Pervaded by that dizzying stench, he understood how he had been manipulated, how he had been used for years and years, nothing but easy prey for the ringleaders, for their poisonous games, their meticulous effort at pretense.
He did not know which he desired more, to be one of the slaves covered in boils and chains about to climb out of the hold and at least make it clear to himself that he was not the owner of his body or his destiny, or on the contrary to walk along the docks until he reached the reefs, where the roaring waves break in furrows, and there give himself over entirely to the sea, to no longer being.
The return of that revolting vision of Ada, which by then he felt obliged to attribute to reality and not, as ought to have been the case, to the clutter of sullied images that cloud a hangover, made the human species seem like irredeemable debris, rubbish.

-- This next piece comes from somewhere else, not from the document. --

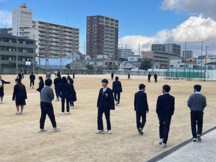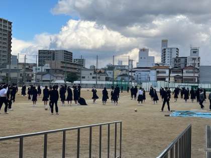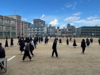 ときおり雪が降る🥶寒い天気ですが、生徒たちは元気です。昼休み「寒い〜」と言いながらも多くの生徒が学級ボールを使って、活動しています。

That was it: the dregs, the remains of an ideal creature fashioned in the beginning by some deluded god, and in the end reduced to this prattling pantomime, to this essential filth.

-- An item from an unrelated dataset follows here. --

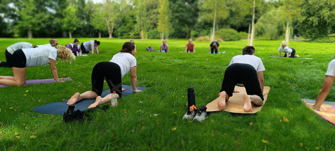 Wir laufen (walken, gehen) 6 km durch den Kurpark Bad Bederkesa direkt neben der Moor-Therme. Die Walker starten zum Schluss mit zeitlicher Verzögerung. Dann treffen wir uns auf der Matte und erfahrene Yoga-Lehrer:innen begleiten dich durch eine wundervolle Yoga-Sequenz für alle Level. Eine anschließende Klang-Meditation rundet den Yoga-Triathlon ab. Wer nicht mitlaufen möchte, kommt einfach zum Yoga (und umgekehrt :-))
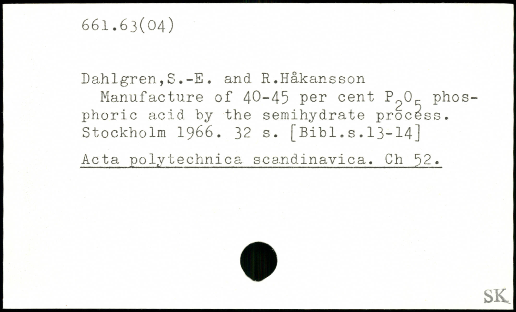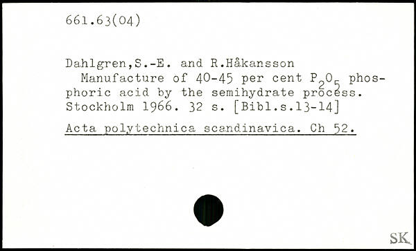 Manufacture of 40-45 per cent phos phoric acid by the semihydrate process.

Meanwhile, a few proper ladies began turning up, their faces masked by finely wrought mother-of-pearl fans, who without leaving their carriages sought to acquire newly arrived black girls for domestic service before they could be spoiled by libertarian excesses, or by the lust for suicide and flight that had already ruined the help in more than one palatial home and poisoned the crew in more than one peaceable work camp, thereby populating the already vermin-infested jungle with bloodthirsty Maroons bent on vengeance, primed for murderous raids on the plantations.

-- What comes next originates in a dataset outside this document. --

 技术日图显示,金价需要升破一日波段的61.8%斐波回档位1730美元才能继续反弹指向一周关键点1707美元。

The shenanigans that followed put the finishing touch on the mayhem. Amid a storm of blue crates falling every which way, dumped by drunken cabin boys who could not have cared less (a pulley gave way and a big-screen television shattered against a mast), ahead of the slaves themselves, appeared the frenzied salesmen of the coveted merchandise that everyone dreamed of bidding on and profiting by.
Down the gangway came an auctioneer.
His large bare feet were covered with sores and black goop. His tight pants were leather. On his chest the green waving lines of his tattoos, intertwined serpents and ciphers, glistened in the sun like emerald threads. He raised his right hand to ask for silence from the landowners jostling for a spot in a semi-circle around the boarding ramp. Then with the irksome grandiloquence of an Arab storyteller arriving at an oasis, to the four winds he proffered a rotund “Do I hear more?” before reciting seemingly by heart a long inventory of embellished claims for the human product he had brought to market, still healthy despite the seas, robust even, ever potent.
“Big bruiser, nice and dark, dirty, bearded, long-faced Mozambican with tribal tattoos on his face, really wide feet, he’s got all his teeth, sways as he walks.
“Civilized black from the Angolan nation, named Juan, dark as they come, with a bit of a beard, huge, with big eyes.
“Antonio, black from the Coast with three scars on his face and missing the nail on his left big toe, falsetto voice, a dirty-black color.
“Black woman from Angola with plenty of milk, no vices, pretty-faced, slurs her R’s when she speaks. ”
Firefly could not go on listening to the auctioneer, much less to his own morbidly repetitious thoughts. Coming toward him, seeming to surge out of the cluster of slavers, snowy, unpolluted amid the dross, seeking him out with that glassy, pinkish stare he would have recognized anywhere, was the pasty skin-and-bones girl, sent yet again, he told himself, by the harshest orishas, the ones that unmask certain men so they can assail their dim-witted credulity with the intolerable truth.
Her shining dress and her scaly anemic whiteness, the agility with which she slid among the traffickers like a cold-blooded reptile guided solely by the vibrations of her prey, the aureole that surrounded her — all these were accentuated by the sun to the point of hallucination: the unreal that emerges when it is clearest, when it is brightest.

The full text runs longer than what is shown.